ACTIVITY: Please give back the lines from the line containing "This advanced scalp" through the end of the listing below, exactly as written and without pictures.

== GIVEN MATERIAL ==

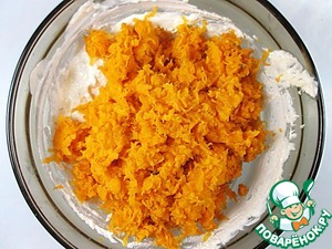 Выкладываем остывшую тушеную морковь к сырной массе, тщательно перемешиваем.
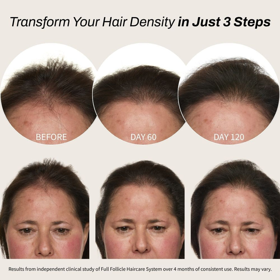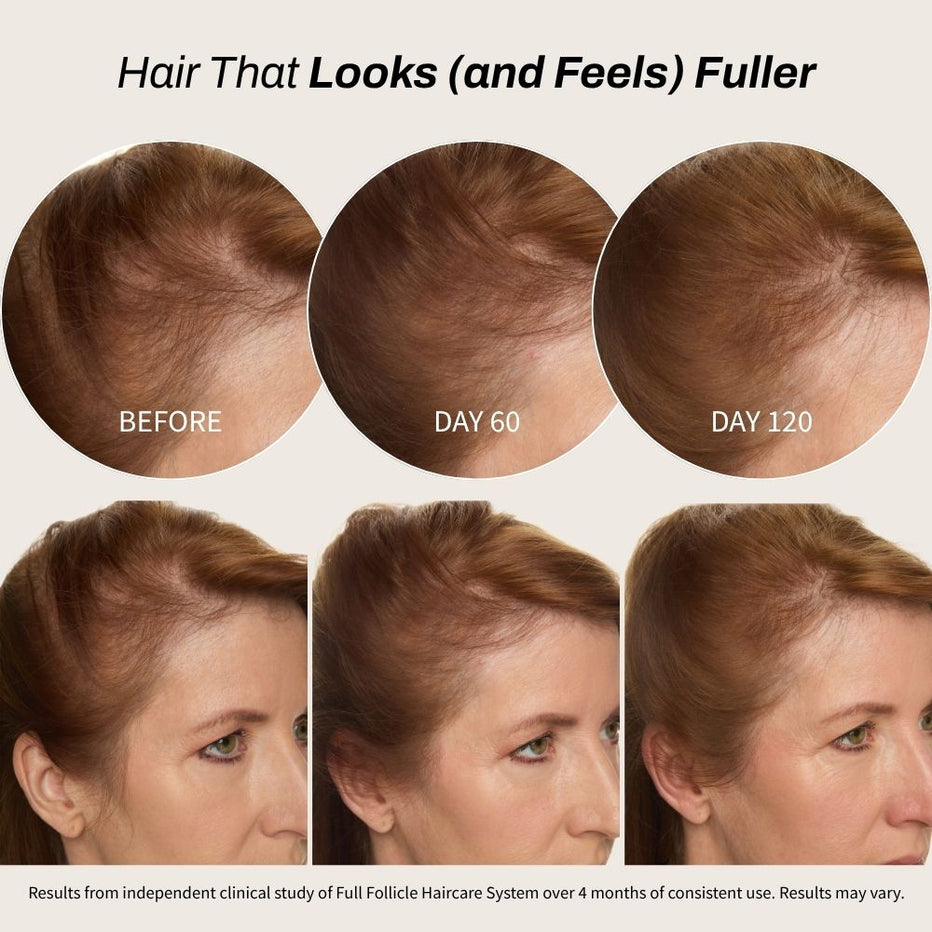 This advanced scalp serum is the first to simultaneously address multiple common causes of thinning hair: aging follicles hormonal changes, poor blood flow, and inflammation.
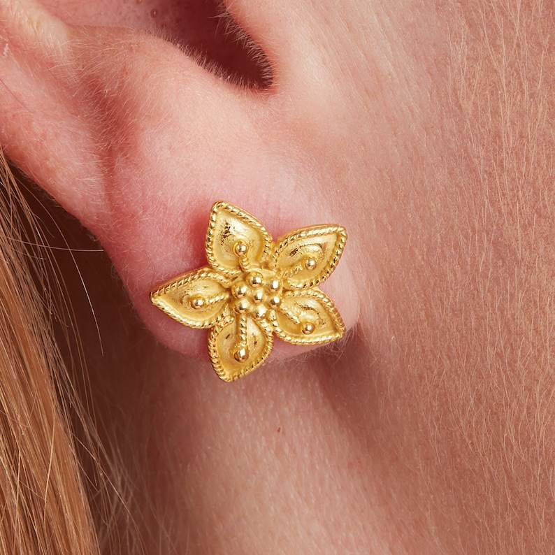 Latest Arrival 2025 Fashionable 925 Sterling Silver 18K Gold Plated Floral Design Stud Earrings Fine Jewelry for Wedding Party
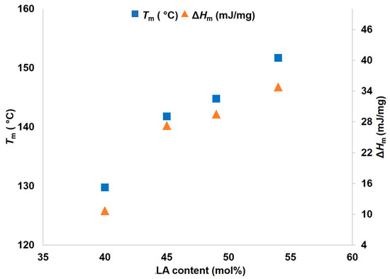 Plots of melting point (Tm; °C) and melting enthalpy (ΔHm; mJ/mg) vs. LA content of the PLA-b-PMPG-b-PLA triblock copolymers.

===

WORKED SOLUTION:
 This advanced scalp serum is the first to simultaneously address multiple common causes of thinning hair: aging follicles hormonal changes, poor blood flow, and inflammation.
 Latest Arrival 2025 Fashionable 925 Sterling Silver 18K Gold Plated Floral Design Stud Earrings Fine Jewelry for Wedding Party
 Plots of melting point (Tm; °C) and melting enthalpy (ΔHm; mJ/mg) vs. LA content of the PLA-b-PMPG-b-PLA triblock copolymers.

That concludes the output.